Given data START

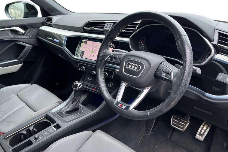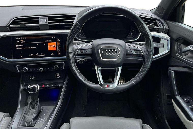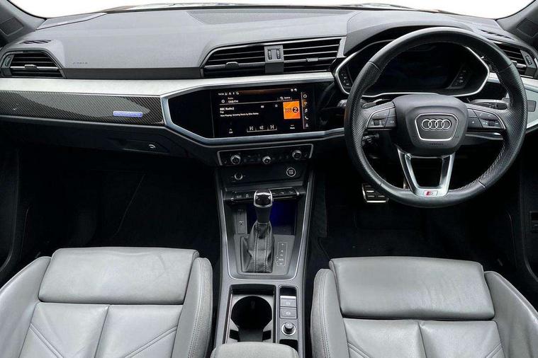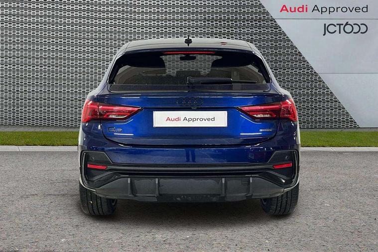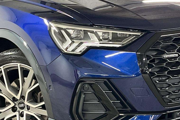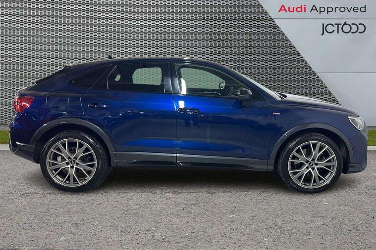 360 degree parking camera, Audi connect safety and service (e-call), Audi drive select, Audi lane departure warning, Audi phone box with wireless charging, Audi virtual cockpit plus, Bluetooth interface, Camera based traffic sign recognition, MMI Navigation Plus with high resolution 10.1 inch touchscreen colour display, Power operated tailgate, Progressive steering, Rear cross traffic assist, Service interval indicator, Smartphone interface includes wireless Apple carplay/Android Auto, Start stop system with recuperation, Voice control system with natural language interaction, Adaptive suspension with damping control, 2 USB-C ports with charge and data functions, DAB digital radio module, SONOS premium sound system, Acoustic windscreen, Audi Beam uses LEDs to project Vorsprung logo, Auto dimming door mirrors, Auto dimming frameless rear view mirror, Bumpers and underbody protection in contrasting manhattan grey paint finish, Diffuser grille in grained matt black, Diffuser trim in selenite silver, Electrically folding, adjustable and heated door mirrors with integrated LED side indicators and kerb view function for passenger side, Front and rear electric windows, Front fog lights, Front side air inlets in selenite silver, Headlight washers, High gloss black finish B and C pillars, LED daytime running lights, Matrix LED headlights with LED rear lights and dynamic front and rear indicator, Panoramic opening glass sunroof, Privacy glass dark tinted rear and rear-side windows (from B-pillar backwards), Rain and light sensors, Rear side wing doors, Rear underbody protection in matt black, Rear wiper, Third brake light, 12V socket in rear centre console, 3 seat bench in 2nd row, 4 way electric lumbar support for driver and front passenger, 40:20:40 folding with manual adjustment for 60:40 forwards/backwards position and backrest angle, Adjustable rear seat bench/backrest with centre armrest and cupholder, Black cloth headlining, Dual zone electronic climate control, Electrically adjustable front seats, Front and rear black floor mats with contrast stitching, Front and rear headrests, Front and rear roof module including reading lights, Front centre armrest, Glove compartment lighting, Heated front seats, Height and reach adjustable steering wheel, Illuminated door sill trims with S logo, ISOFIX child seat mounting for front passenger with airbag deactivation and outer rear seat including top tether attachment point for outer rear seats, Leather steering wheel in 3-spoke design with multifunction plus and shift paddles, Luggage compartment light, Perforated leather gearknob, Single front passenger seat, Stainless steel luggage compartment sill finisher, Stainless steel pedals, Black styling pack - Q3 Sportback Vorsprung, Driver Assistance Pack - Q3, Multi coloured extended ambient interior lighting pack - Q3, Non smoking pack - Q3, 3x3 point rear seatbelts, 6 airbags - Driver, front passenger, curtain and side windows, Audi pre-sense front with pedestrain and cyclist recognition, Electrically operated child locks on rear doors, Electromechanical parking brake, Electronic stabilisation control including ABS, ASR and EDL, Hill descent control, Hill hold assist, Pre sense basic, Seatbelt monitoring, Tyre pressure warning, Warning triangle and first aid kit, Advanced key, Anti theft alarm, Anti theft wheel bolts, Remote central locking, Black dashboard, Detail dashboard around MMI touch colour display in glass look, black with surround in aluminium look, Leatherette door armrest,
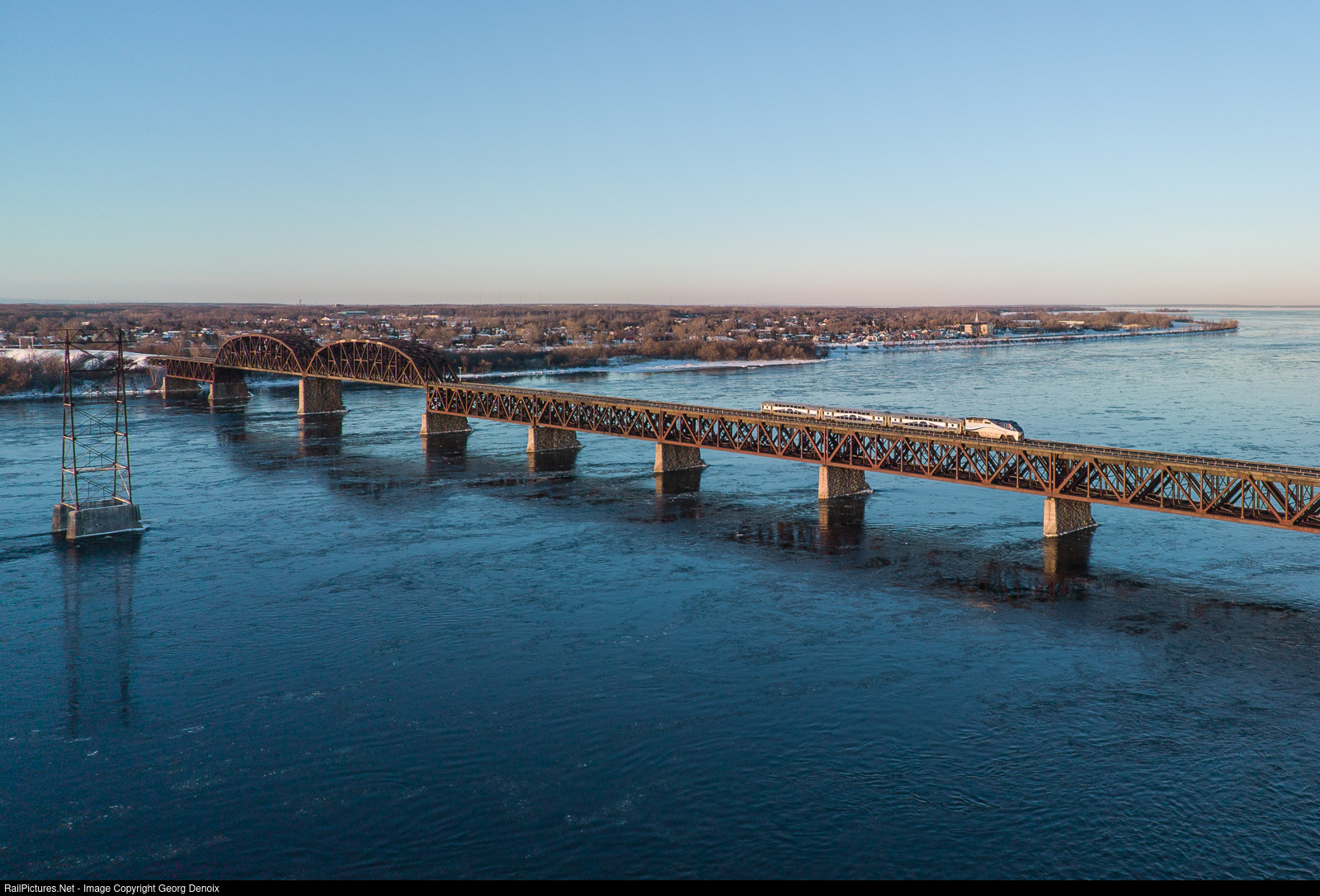 | Not long after sunrise, F59PHI no. 1322 is returning a deadheading consist of three Bombardier Multilevel cars to the end of the line at Candiac, to make another commuter turn as EXO train no. 76 into Montreal, and would cross back over the Saint-Lawrence in a little less than an hour. |
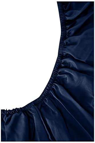 Amazon Basics - Lenzuolo con angoli singolo, in rasatello di cotone 400 fili, Blu navy 90 x 200 x 30 cm

Given data END

Task statement:
A verbatim copy of the material, pictures excluded, is what must be produced.

Output of the exercise:
 360 degree parking camera, Audi connect safety and service (e-call), Audi drive select, Audi lane departure warning, Audi phone box with wireless charging, Audi virtual cockpit plus, Bluetooth interface, Camera based traffic sign recognition, MMI Navigation Plus with high resolution 10.1 inch touchscreen colour display, Power operated tailgate, Progressive steering, Rear cross traffic assist, Service interval indicator, Smartphone interface includes wireless Apple carplay/Android Auto, Start stop system with recuperation, Voice control system with natural language interaction, Adaptive suspension with damping control, 2 USB-C ports with charge and data functions, DAB digital radio module, SONOS premium sound system, Acoustic windscreen, Audi Beam uses LEDs to project Vorsprung logo, Auto dimming door mirrors, Auto dimming frameless rear view mirror, Bumpers and underbody protection in contrasting manhattan grey paint finish, Diffuser grille in grained matt black, Diffuser trim in selenite silver, Electrically folding, adjustable and heated door mirrors with integrated LED side indicators and kerb view function for passenger side, Front and rear electric windows, Front fog lights, Front side air inlets in selenite silver, Headlight washers, High gloss black finish B and C pillars, LED daytime running lights, Matrix LED headlights with LED rear lights and dynamic front and rear indicator, Panoramic opening glass sunroof, Privacy glass dark tinted rear and rear-side windows (from B-pillar backwards), Rain and light sensors, Rear side wing doors, Rear underbody protection in matt black, Rear wiper, Third brake light, 12V socket in rear centre console, 3 seat bench in 2nd row, 4 way electric lumbar support for driver and front passenger, 40:20:40 folding with manual adjustment for 60:40 forwards/backwards position and backrest angle, Adjustable rear seat bench/backrest with centre armrest and cupholder, Black cloth headlining, Dual zone electronic climate control, Electrically adjustable front seats, Front and rear black floor mats with contrast stitching, Front and rear headrests, Front and rear roof module including reading lights, Front centre armrest, Glove compartment lighting, Heated front seats, Height and reach adjustable steering wheel, Illuminated door sill trims with S logo, ISOFIX child seat mounting for front passenger with airbag deactivation and outer rear seat including top tether attachment point for outer rear seats, Leather steering wheel in 3-spoke design with multifunction plus and shift paddles, Luggage compartment light, Perforated leather gearknob, Single front passenger seat, Stainless steel luggage compartment sill finisher, Stainless steel pedals, Black styling pack - Q3 Sportback Vorsprung, Driver Assistance Pack - Q3, Multi coloured extended ambient interior lighting pack - Q3, Non smoking pack - Q3, 3x3 point rear seatbelts, 6 airbags - Driver, front passenger, curtain and side windows, Audi pre-sense front with pedestrain and cyclist recognition, Electrically operated child locks on rear doors, Electromechanical parking brake, Electronic stabilisation control including ABS, ASR and EDL, Hill descent control, Hill hold assist, Pre sense basic, Seatbelt monitoring, Tyre pressure warning, Warning triangle and first aid kit, Advanced key, Anti theft alarm, Anti theft wheel bolts, Remote central locking, Black dashboard, Detail dashboard around MMI touch colour display in glass look, black with surround in aluminium look, Leatherette door armrest,
 | Not long after sunrise, F59PHI no. 1322 is returning a deadheading consist of three Bombardier Multilevel cars to the end of the line at Candiac, to make another commuter turn as EXO train no. 76 into Montreal, and would cross back over the Saint-Lawrence in a little less than an hour. |
 Amazon Basics - Lenzuolo con angoli singolo, in rasatello di cotone 400 fili, Blu navy 90 x 200 x 30 cm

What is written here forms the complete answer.